Taken in a vacuum, neither of these statistics is particularly interesting. Taken together, they are a snapshot of an unprecedented media reality, one in which platforms are conduits controlled by their users, where programming is (ostensibly) not shaped by a central hub of decision makers, and where money flows freely and with little regulation to those capable of drawing attention. This landscape has largely dictated the nature of music marketing in the last few years and seems to be peaking in its efficacy. Conversations with A&R’s and marketers alike point to a general “no one knows anything” attitude across the business. At the same time, 2024 has been littered with more traditional success stories. While new stars Shaboozey, Chappell Roan, Sabrina Carpenter, and Benson Boone have seen their hit songs bolstered by social media, they have all put out tons of music over many years, toured extensively, and, in the case of the first three, been dropped by or moved on from their previous labels before achieving stratospheric hits.

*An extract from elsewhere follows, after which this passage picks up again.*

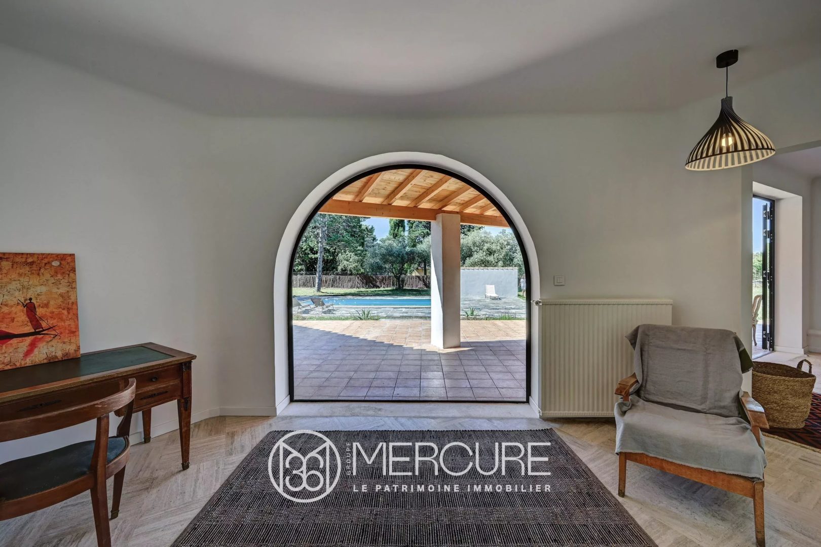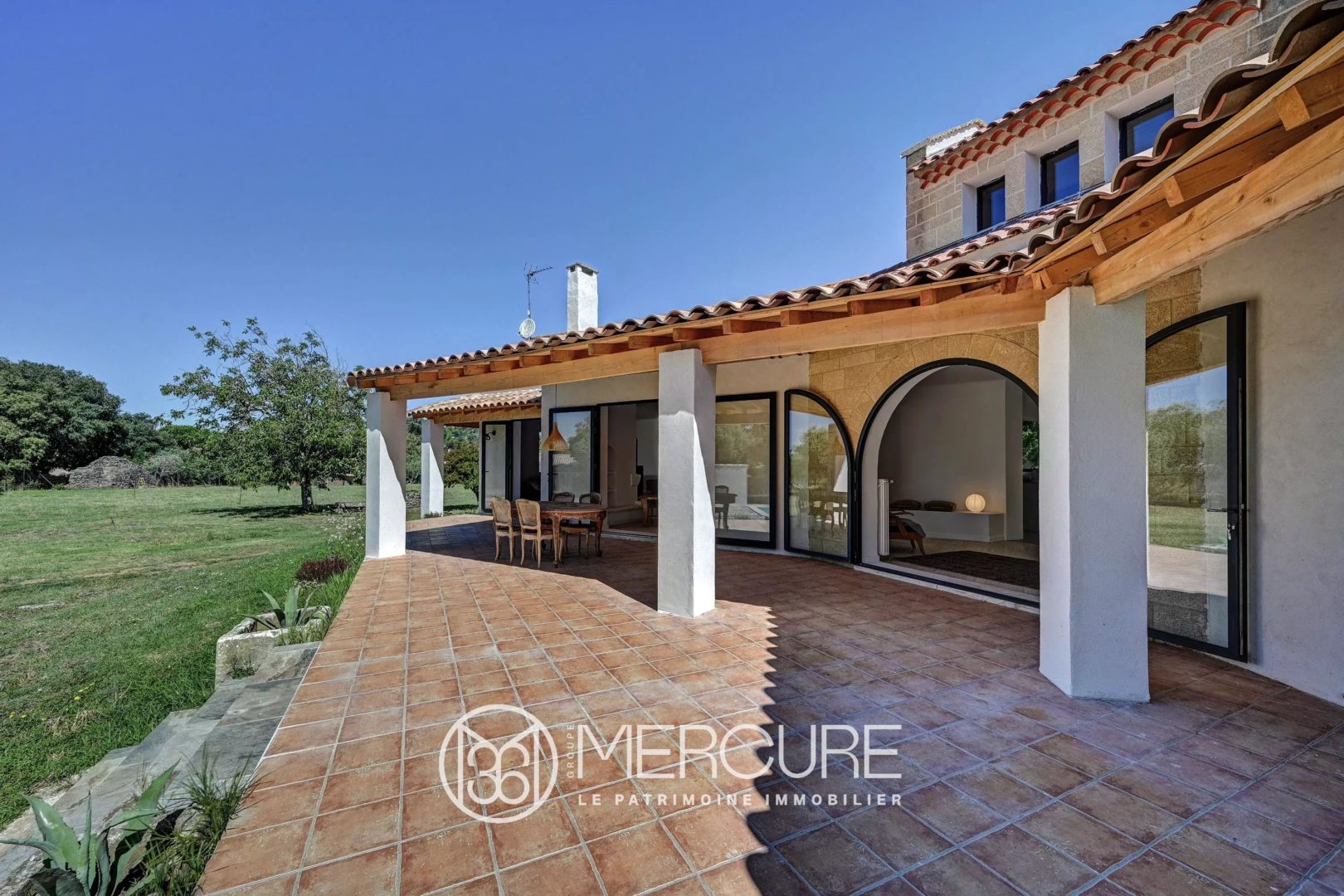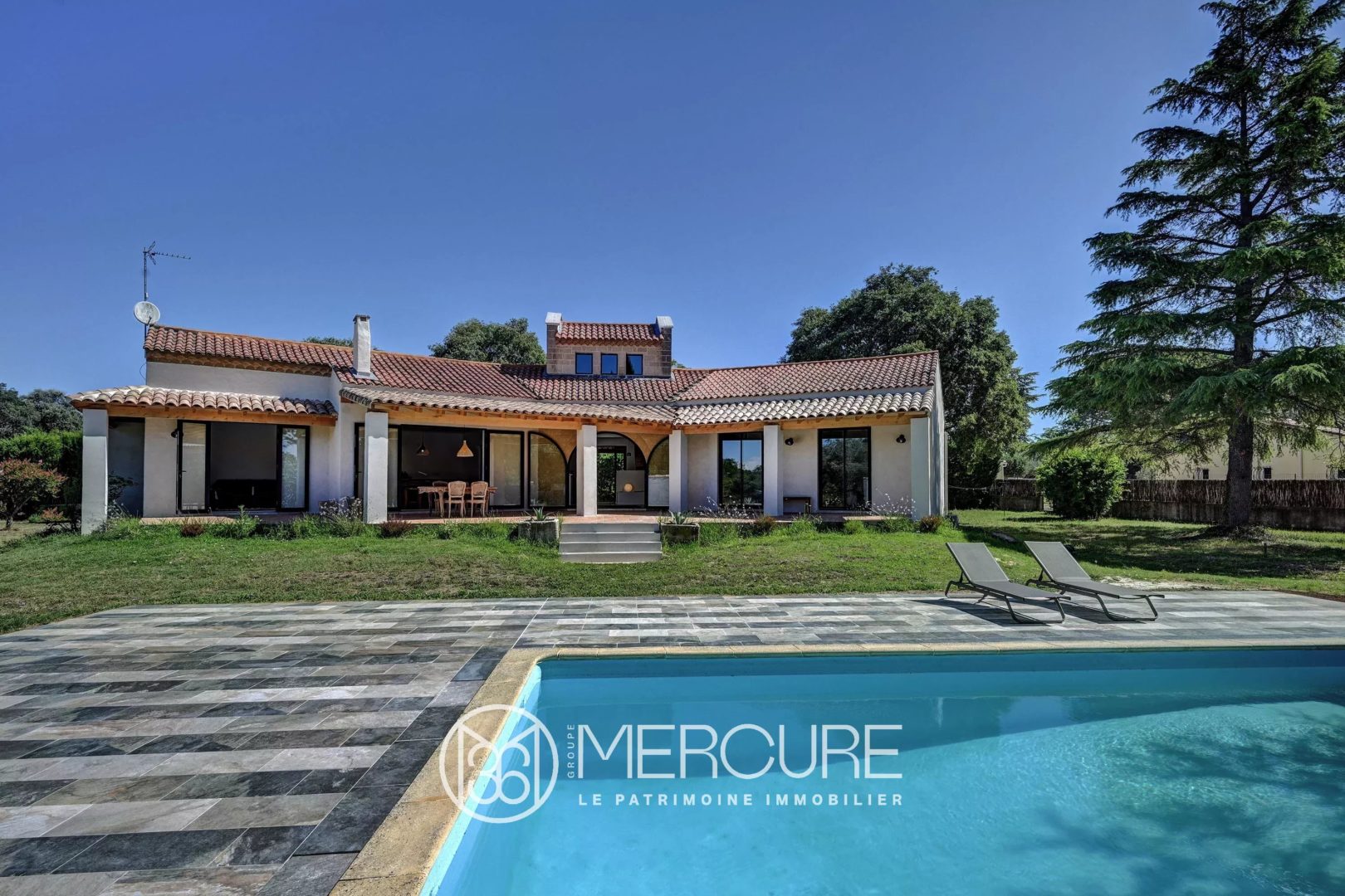 L’extérieur séduit par une vaste terrasse de 100 m² partiellement couverte, idéale pour profiter de moments en plein air autour d’un espace salon-salle à manger d’été. La terrasse s’étend vers une piscine (8,5 x 4 m) et une grande plage carrelée garantissant l’intimité.

When a business or set of ecosystemic conditions are this fragmented, it typically means consolidation and/or regulation are around the corner. With TikTok under continual scrutiny from the US government, the latter wouldn’t surprise me.
I’m more curious about the former.
It is easy to imagine what the reunification of television looks like. In the coming years, companies like Apple or Amazon could cut bait on unprofitable film/TV studio businesses and push to become aggregation solutions for the disparate apps and services that “unbundled” cable. These existing incumbents that could use their distributive might to force the hands of content owners, setting a logical (though perhaps farfetched) path to consolidation. It is much harder to imagine how TikTok coalesces into the new radio, unless we simply admit that the non-interactive broadcast paradigm is dead and gone forever. Terrestrial radio’s much prophesied slow death has not yet come to bear, so I doubt social media will replace it within the decade.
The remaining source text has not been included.